Two weeks ago at an investor conference in New York, Tillman said Marathon announced that it has grown its net 2P unconventional resource by more than 20% since year-end 2013, to 3 billion oil-equivalent barrels.

Along with the resource growth, Marathon’s well inventory has increased to more than 4,600 net well locations across the Eagle Ford, Bakken and Oklahoma resource basins.

“Our tag line was more resource equals more inventory, which supports more drilling activity in our highest-return opportunities,” Tillman said. “And the impact on our company and our shareholders is significant. Notably, we expect a double-digit compound annual growth rate for our resource play production for 2015 to 2017, and we expect a high single-digit compound annual growth rate for total company production for the same period.”

In regard to “navigating the challenges,” Tillman spoke specifically of air quality, water management and roads.

“We must address such topics in the right way, and with a sense of urgency. We must put them into context, engage openly and honestly with those who are voicing concerns, demonstrate our ongoing commitment to safe and responsible operations and be solution-driven,” he said. “But perhaps most importantly: We must talk about what we’re doing in a meaningful, fact-based, credible way to our friends and supporters, to our neighbors who live near our operations, and to our skeptics.”

Regarding air quality, Tillman said Marathon is continuously evaluating its air emission-reduction strategies and technologies and becoming more efficient in its operations.

“Flaring is a very visible activity.

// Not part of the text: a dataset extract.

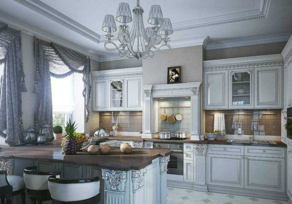Кухня в стиле может быть с яркими акцентами или полностью в черно-белой гамме. Традиционная мебель сочетается с теплыми оттенками классических цветов занавесок и ламбрекенов. В качестве расцветок выбирается клетка, полоска или однотонный материал.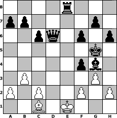 game notation in PGN-format [Event "Kellertunier"] [Site "www.myChess.de"] [Date "2005.08.15"] [Round "2"] [White "Pocket"] [Black "Andylein1989"] [ECO "A03"] [WhitemyELO "1282"] [BlackmyELO "1414"] [Result "0-1"] [TimeControl "10/864000"] [WhiteDays "10"] [BlackDays "10"] [MyChessNo "16268"] 1. f4 d5 2. Nf3 Nc6 3. e3 d4 4. Bd3 dxe3 5. dxe3 Nf6 6. b3 e6 7. Bb2 Bb4+ 8. Nbd2 O-O 9. O-O Bxd2 10. Qxd2 Re8 11. Qe2 Nb4 12. Rfd1 Nxd3 13. Rxd3 Qe7 14. Rad1 h6 15. Ne5 Nd5 16. Qg4 f6 17. Ng6 Qf7 18. f5 exf5 19. Qg3 Rxe3 20. Rxe3 Nxe3 21. Qxe3 Qxg6 22. Rd8+ Kh7 23. Qe7 c6 24. Qf8 Qg5 25. Qh8+ Kg6 26. Rd6 Qe3+ 27. Kf1 Qf4+ 28. Ke2 Qxd6 29. Qe8+ Kg5 30. Bc1+ f4 31. g3 Bg4+ 32. Ke1 Rxe8+ 0-1 position notation in FEN-format 4r3/pp4p1/2pq1p1p/6k1/5pb1/1P4P1/P1P2P1P/2B1K3 - - - 0 33 Captured white pieces: ![]() ![]() ![]() ![]() ![]() ![]() ![]() ![]() ![]() ![]() ![]() ![]() ![]() ![]() ![]() Captured black pieces: ![]() ![]() ![]() ![]() ![]() ![]() ![]() ![]() ![]() ![]() ![]() ![]() ![]() ![]() ![]() Click on a captured piece in order to display the desired move!

This year, Marathon Oil continues to identify and prioritize significant flaring sources. We’re also participating with other companies to share best practices for reducing flaring in an effort to spread these practices throughout the Eagle Ford.”

Marathon is committed to minimizing flaring time when bringing a well online and installing infrastructure to transport gas to sales, Tillman said. “We now count that time in hours and have averaged less than seven hours of flaring per well this year before we’re able to send the gas to sales.”

Tillman talked about how Marathon is “employing best practices to be good stewards of water resources.”

Regarding its water use per well in Eagle Ford fracking operations, Marathon switched to a polymer gel mix that produces a thicker, more viscous fluid that can also carry more sand in the process, he said. Marathon currently uses brackish water for 75% of its water needs in Eagle Ford fracking, Tillman commented, even though brackish water wells are typically deeper and more expensive to drill than freshwater wells.

On the issue of roads, Tillman said, “It’s readily apparent that [the industry’s transportation need] has caused strains on local and county roads and other infrastructure. We’re working with elected officials, regulators and other community leaders to cooperatively address these issues and lessen the impacts.”

Marathon, according to Tillman, supports a proposed constitutional amendment—Proposition 1—that would provide billions more in much-needed transportation funding for Texas. If approved by voters on Nov. 4, Proposition 1 would authorize annual disbursements from the state’s oil and gas production tax collections, commonly known as the Rainy Day Fund, to the state’s highway funding.